On Tue, Dec 27, 2016 at 11:55 PM, Ming Lei <tom.leiming@xxxxxxxxx> wrote:
> Hi,
>
> This patchset brings multipage bvec into block layer. Basic
> xfstests(-a auto) over virtio-blk/virtio-scsi have been run
> and no regression is found, so it should be good enough
> to show the approach now, and any comments are welcome!
>
> 1) what is multipage bvec?
>
> Multipage bvecs means that one 'struct bio_bvec' can hold
> multiple pages which are physically contiguous instead
> of one single page used in linux kernel for long time.
>
> 2) why is multipage bvec introduced?
>
> Kent proposed the idea[1] first.
>
> As system's RAM becomes much bigger than before, and
> at the same time huge page, transparent huge page and
> memory compaction are widely used, it is a bit easy now
> to see physically contiguous pages from fs in I/O.
> On the other hand, from block layer's view, it isn't
> necessary to store intermediate pages into bvec, and
> it is enough to just store the physicallly contiguous
> 'segment'.
>
> Also huge pages are being brought to filesystem[2], we
> can do IO a hugepage a time[3], requires that one bio can
> transfer at least one huge page one time.
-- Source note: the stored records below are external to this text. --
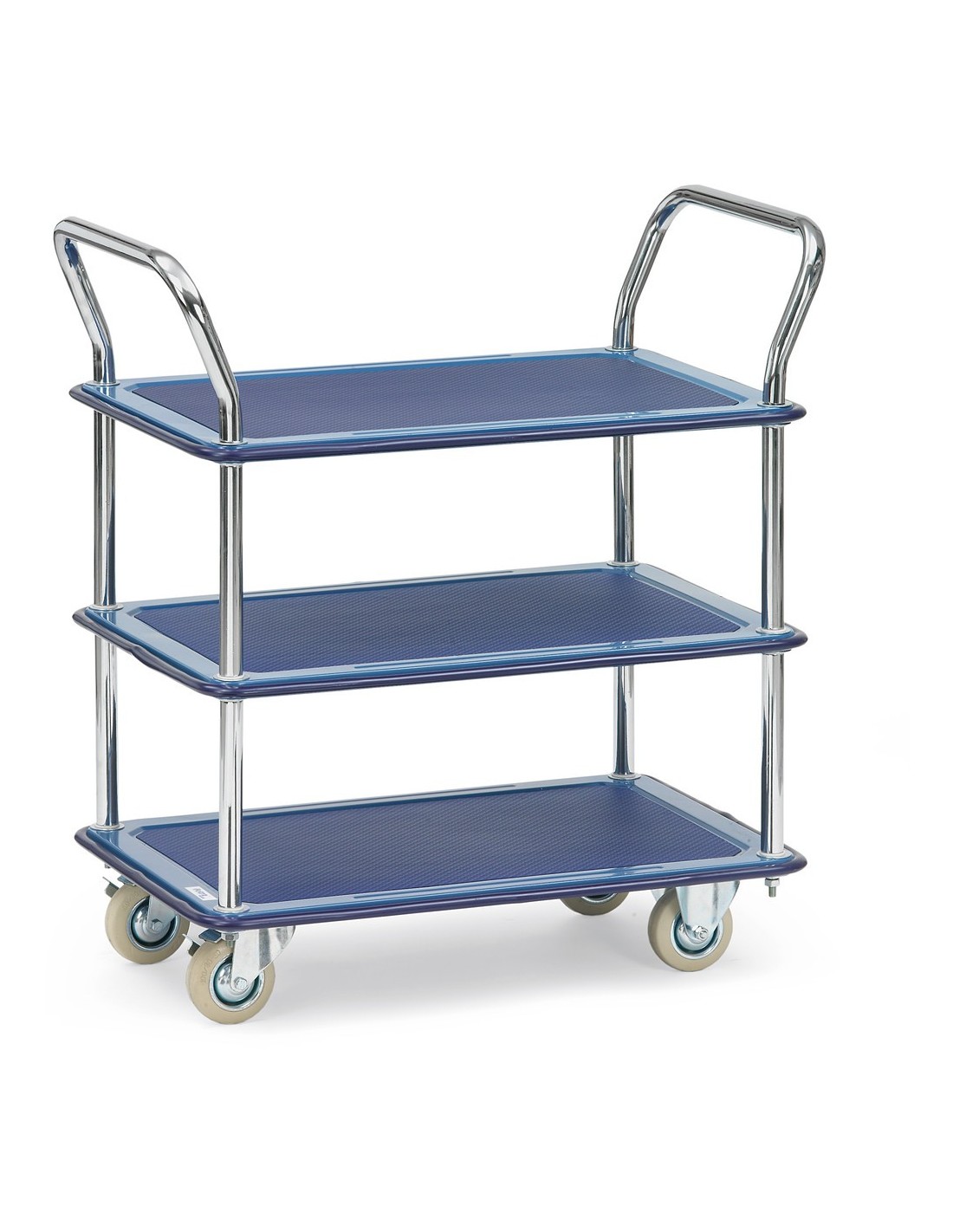 Tischwagen mit 3 Stahlblech-Plattformen, Antirutschbelag, Schutzleiste und glanzverzinktem Rohrschiebebügel. 2 Lenk- und 2 Bockrollen mit Feststellern gemäss EN 1757-3. Tragkraft obere und mittlere Plattform 60 kg.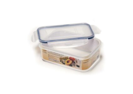 Die Frischhaltebox hat einen 4-fachen Schnellverschluss an allen Seiten und einen Silikonring im Deckel. mit Silikonringdichtung spülmaschinen-, mikrowellen- & gefrierfachgeeignet leicht zum Verstauen und stapelbar Schnellverschluss an allen 4 Seiten Technische Daten: Maße: 18,5 x 13 x 6,5 cm Volumen: 830 ml Material: Kunststoff / Silikon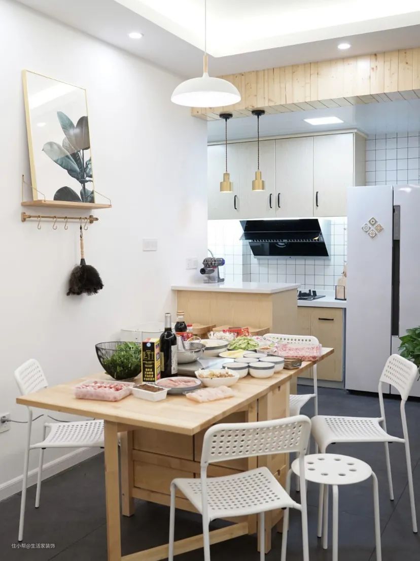 ·合适的餐桌:首选长方桌,简约百搭,适合一般的三口之家或者多口之家使用;折叠桌节省空间,也能增加收纳空间;圆桌能承载一大家族人的用餐需求,围坐在一起的氛围也让彼此更加亲昵。
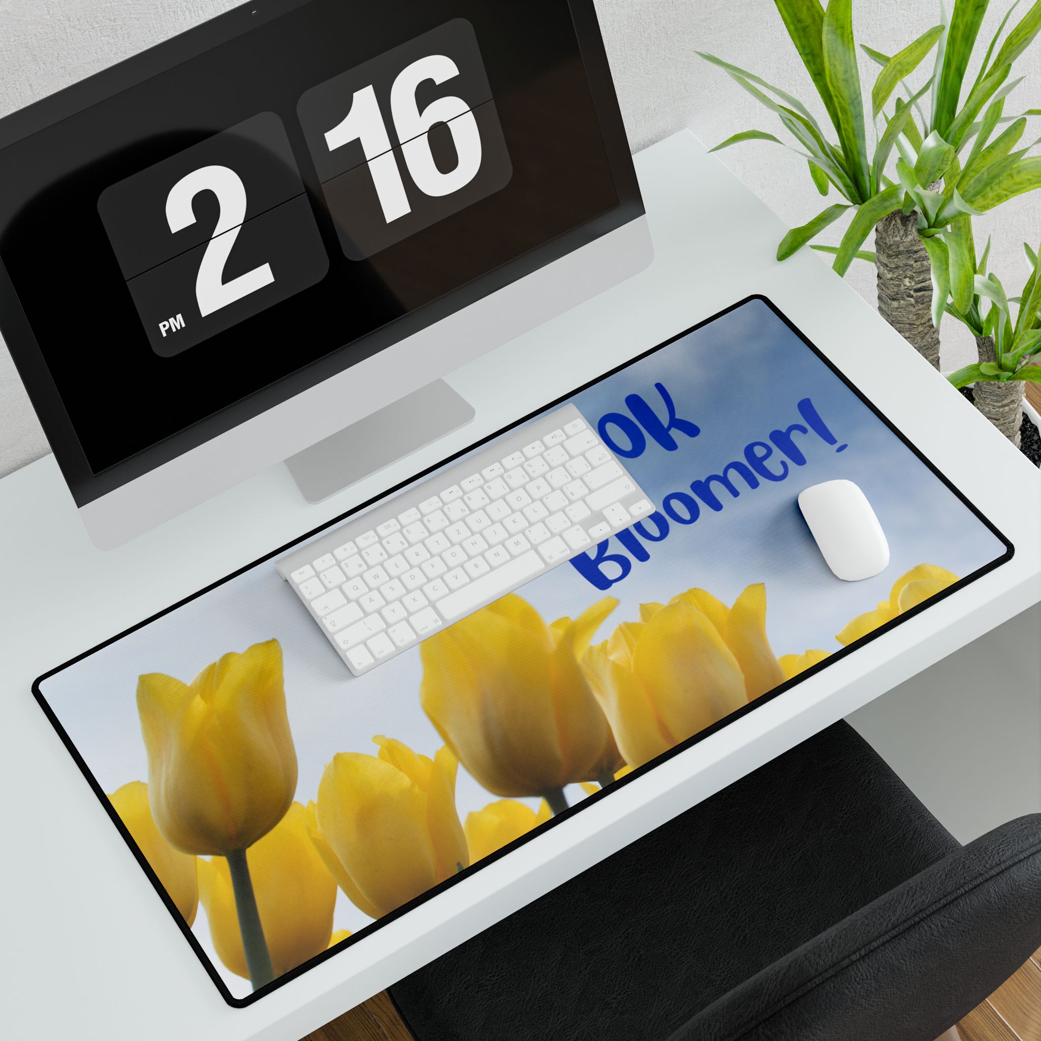 Make a statement with this funny OK Bloomer desk mat. A humourous comeback to the OK Boomer comment it will provide a little light relief and fun to your day. Apart from looking cool, this huge desk mat will keep your surfaces free from scratches and stains. Great for making spaces more organized with minimal effort. This mat has a smooth surface and a non-slip base, is durable and will last long without fraying or pilling. Optical and laser mice are supported. Measures 31.5″ x 15.5″ (80cm x 40cm)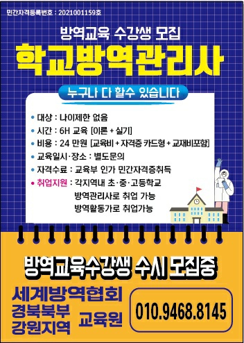 A. 학교 방역관리사 자격증은 이론과 실습을 거친후 현장으로 인력이 투입되기에 철저한 관리하에 자격취득이 이루어집니다.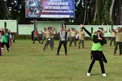 HALSEL, CN – Bertempat di Lapangan Makodim 1509/Labuha jalan Sapta Marga, Kampung Makian, Kecamatan Bacan Selatan, Kabupaten Halmahera Selatan (Halsel) Maluku Utara, Prajurit Kodim 1509 dan Ibu-ibu Persit KCK Cabang XXXVII melaksanakan olahraga bersama sebagai bentuk silahturahmi dan menjaga kondisi kesehatan ditengah Pandemi Covid 19, Jumat (26/2/2021).

Turns out it isn't
> flexiable to change BIO_MAX_PAGES simply[3]. Multipage bvec
> can fit in this case very well.
>
> With multipage bvec:
>
> - bio size can be increased and it should improve some
> high-bandwidth IO case in theory[4].
>
> - Inside block layer, both bio splitting and sg map can
> become more efficient than before by just traversing the
> physically contiguous 'segment' instead of each page.
>
> - there is possibility in future to improve memory footprint
> of bvecs usage.
>
> 3) how is multipage bvec implemented in this patchset?
>
> The 1st 9 patches comment on some special cases. As we saw,
> most of cases are found as safe for multipage bvec,
> only fs/buffer, MD and btrfs need to deal with. Both fs/buffer
> and btrfs are dealt with in the following patches based on some
> new block APIs for multipage bvec.
>
> Given a little more work is involved to cleanup MD, this patchset
> introduces QUEUE_FLAG_NO_MP for them, and this component can still
> see/use singlepage bvec. In the future, once the cleanup is done, the
> flag can be killed.
>
> The 2nd part(23 ~ 54) implements multipage bvec in block:
>
> - put all tricks into bvec/bio/rq iterators, and as far as
> drivers and fs use these standard iterators, they are happy
> with multipage bvec
>
> - bio_for_each_segment_all() changes
> this helper pass pointer of each bvec directly to user, and
> it has to be changed. Two new helpers(bio_for_each_segment_all_sp()
> and bio_for_each_segment_all_mp()) are introduced.
>
> Also convert current bio_for_each_segment_all() into the
> above two.
>
> - bio_clone() changes
> At default bio_clone still clones one new bio in multipage bvec
> way. Also single page version of bio_clone() is introduced
> for some special cases, such as only single page bvec is used
> for the new cloned bio(bio bounce, ...)
>
> - btrfs cleanup
> just three patches for avoiding direct access to bvec table.
>
> These patches can be found in the following git tree:
>
>         https://github.com/ming1/linux/commits/mp-bvec-0.6-v4.10-rc
>
> Thanks Christoph for looking at the early version and providing
> very good suggestions, such as: introduce bio_init_with_vec_table(),
> remove another unnecessary helpers for cleanup and so on.
>
> TODO:
>         - cleanup direct access to bvec table for MD
>
> V1:
>         - against v4.10-rc1 and some cleanup in V0 are in -linus already
>         - handle queue_virt_boundary() in mp bvec change and make NVMe happy
>         - further BTRFS cleanup
>         - remove QUEUE_FLAG_SPLIT_MP
>         - rename for two new helpers of bio_for_each_segment_all()
>         - fix bounce convertion
>         - address comments in V0

Any comments on this version?

BTW, with one fix in the following link:

https://github.com/ming1/linux/commit/e52897a21b4b4c1500cc3686b8392757ebc5bd19

xfstests(ext4, xfs and btrfs) were run and no regression is observed.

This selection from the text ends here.